I stuck my head around the edge of the stack of toilet paper and saw him. It wasn’t exactly love at first sight, but I definitely felt a zing of attraction. Shawn is wonderful, although he can’t see it. No matter how many times I try to explain it to him, he screws up his face in this adorable frown of skepticism and doesn’t understand. Shawn is just that—adorable. He calls himself tubby, but he isn’t. Not really. I like to use the term curvy, but he reacts badly to that phrase. He tells me that women are curvy, not men.

And Shawn is definitely a man. He has short black hair and a strong jaw that needs to be shaved twice a day to keep the shadow off. He wears endearing black-framed glasses that look cute and geeky at the same time. He hates his glasses and is always threatening to buy something hip and cool, but he never gets around to it. Too many other things happen in his life. But there’s no getting around the fact that he’s short and has curves—his legs are curvy, his butt sticks out and his chest is rounded. He would never be called svelte or willowy, and that’s more than okay with me. I don’t need a stick figure in my bed. I prefer someone I can hug. He’s not overweight or unfit or any other label you try to stick on him. He’s just built like a curvy, short man, and I love him exactly like that.

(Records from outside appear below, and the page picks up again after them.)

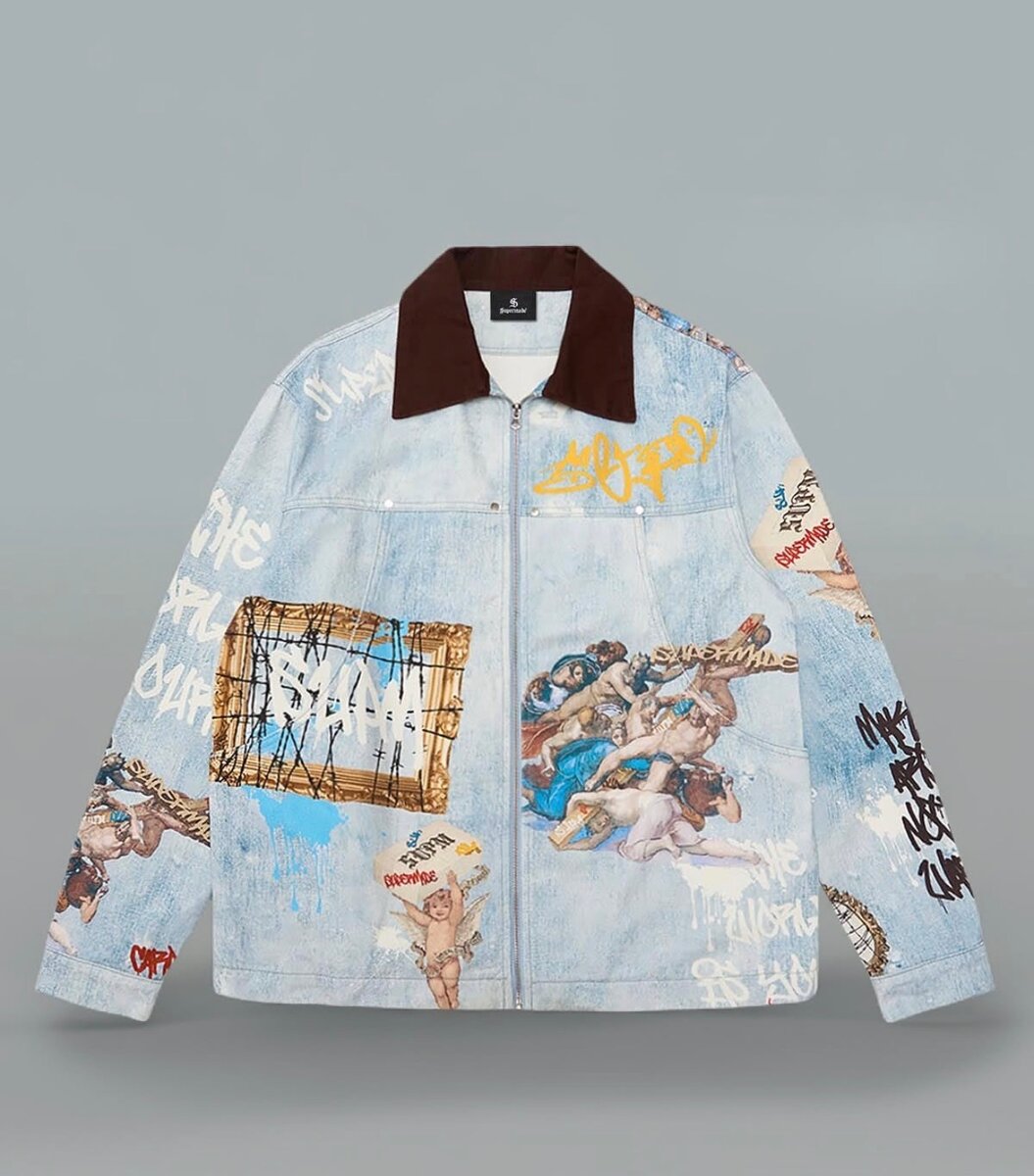 Démarquez-vous avec cette veste en jean graffiti art aux motifs artistiques uniques. Parfait pour les personnes avant-gardistes qui cherchent à faire une déclaration. Idéal pour les vêtements décontractés ou les tenues de style urbain.
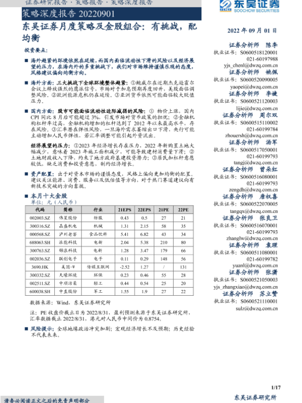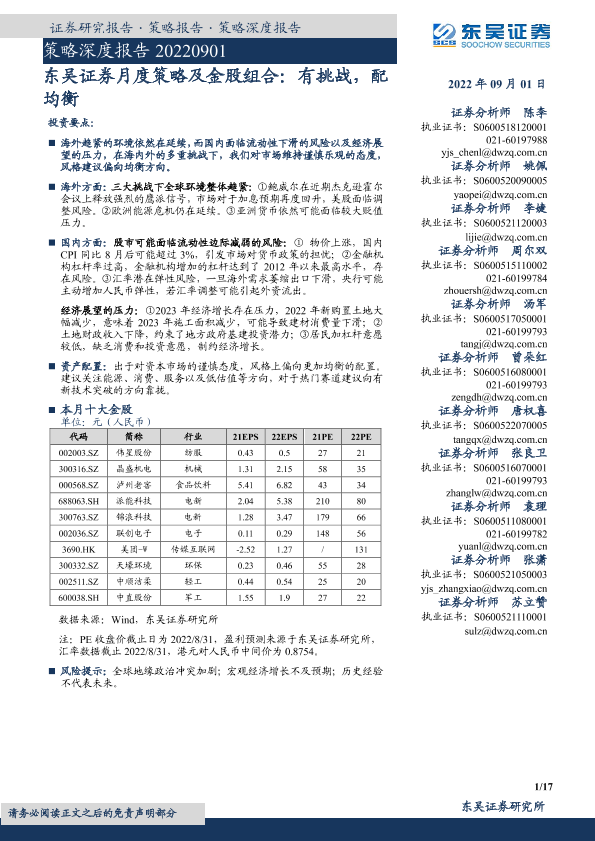 【东吴证券】【20220901】月度策略及金股组合:有挑战,配均衡-17页
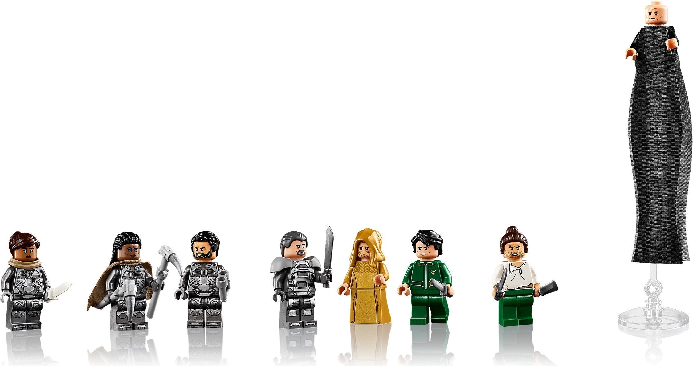 This premium-quality replica features fold-out, flappable wings, deployable landing gear, and an opening cockpit. The set also includes 8 iconic characters from the movie: Paul Atreides, Lady Jessica, Gurney Halleck, Chani, Leto Atreides, Liet Kynes, Duncan Idaho, and Baron Harkonnen in his long robe.
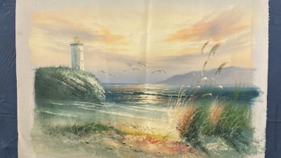 Lighthouse Scene at Sunset – Oil on Canvas Painting

That day when he tumbled down the steps at the front of his house was not the second time I’d noticed him either. How could it be when I’d been deliberately taking the long way to the park for months, just hoping to get a glimpse of him out the front of his place? At first I wasn’t sure if he’d seen me, but Shawn isn’t exactly subtle. He scoffs at me and reckons I read body language or have some sort of ESP, but the way Shawn checked me out was the exact opposite of understated. I noticed him washing windows and sweeping the driveway. I thought he was just getting ready for a big party at his place or something. I also thought that the way he stared at me the first couple of times was because he was memorizing my face to dob me into the police for the latest burglary in the area. Shawn’s like that, you know. He does the right thing and keeps an eye out for his neighbors.

I was going to stop and say something to him—you know, introduce myself or ask him on a date or something—when he did the best thing ever.

When I first told Shawn the story, he turned bright red and fell off his chair. He ended up rolling his ankle with that stunt and was on crutches for two weeks. How he managed to sprain an ankle falling off a chair still bewilders me. Sometimes, with Shawn, you just need to roll with the punches. If you stress out over every calamity and injury, you’d be in the mental hospital within a month.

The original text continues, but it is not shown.